‘Hello, Bri. I’m just going over the final numbers one more time. Want to hear them?’ Kerry called.
Briony nodded and took a seat at one of the tables at the edge of the dance floor. She glanced around her as Kerry sorted through her music and was once more assailed with a feeling of happiness. She was more than satisfied with the place. The decor was brilliant: the walls painted a very pale gold and adorned with photographs, head and shoulders shots of the most beautiful women of the day. The largest was of Anna Pavlova, her eyes staring out across the room. Briony had also had musical scores framed and hung on the walls. The tables all had white cloths of pristine Irish linen and the glasses that sparkled behind the long carved wood bar were all good quality crystal.
It had cost a small fortune, but one of Briony’s main beliefs was that you got what you paid for. Well, this was a jazz club, one of the first in London, and she had planned it on a grand scale.
She had hired a quartet of black American musicians who were thrilled to work at the new club, and even more thrilled with their wages. She dragged her eyes back towards the stage as she saw Kerry walk forward. She noticed the eyes of the pianist, Evander Dorsey, watching her closely. Their whites seemed to glow with the look and she smiled to herself. If he liked Kerry he would play even better. Everything had its good side for Briony. The fact he was black and looking at her sister did not shock her as it would have done others. She took everyone at face value. Always had and always would.

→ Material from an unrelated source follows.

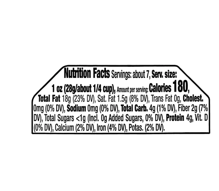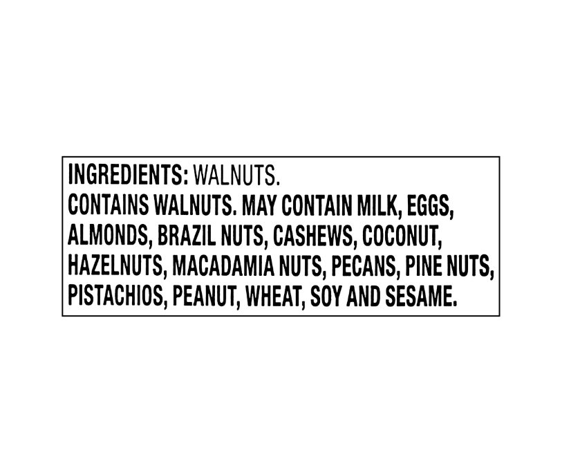 WALNUTS. CONTAINS WALNUTS. MAY CONTAIN MILK, EGGS, ALMONDS, BRAZIL NUTS, CASHEWS, COCONUT, HAZELNUTS, MACADAMIA NUTS, PECANS, PINE NUTS, PISTACHIOS, PEANUT, WHEAT, SOY AND SESAME.

Kerry cleared her throat, and as the first few bars of the music struck up, Bernie slid into a seat beside Briony.
She watched the instinctive swing of Kerry’s body. Unlike herself, Kerry was buxom and small-waisted. Her breasts looked too big for the fragile ribcage. She was also tall, her height giving her the grace to carry off the figure God had given her. Her short black hair, freshly bobbed, framed her face to perfection. Briony looked at her younger sister with a mixture of admiration and pride. Pride because it was she, Briony, who had made her sister’s career possible. And it was she, Briony, who had looked after Kerry until now when she was making a name for herself with this new music called jazz. Unlike the majority of white women singers, Kerry could sing the blues, and everyone who heard her was spellbound. Briony knew that she was going to be big, much bigger than anyone had thought possible, and the knowledge was like balm to Briony.
Kerry’s voice when she began to sing was as clear and haunting as the words of the song she sang:
The deep soulfulness of the voice carried across the room. Briony watched as the pianist shook his head in wonderment and delight and knew then that tonight her sister’s career would be made. Her success was assured, and along with it the success of the club. Kerry would be their draw.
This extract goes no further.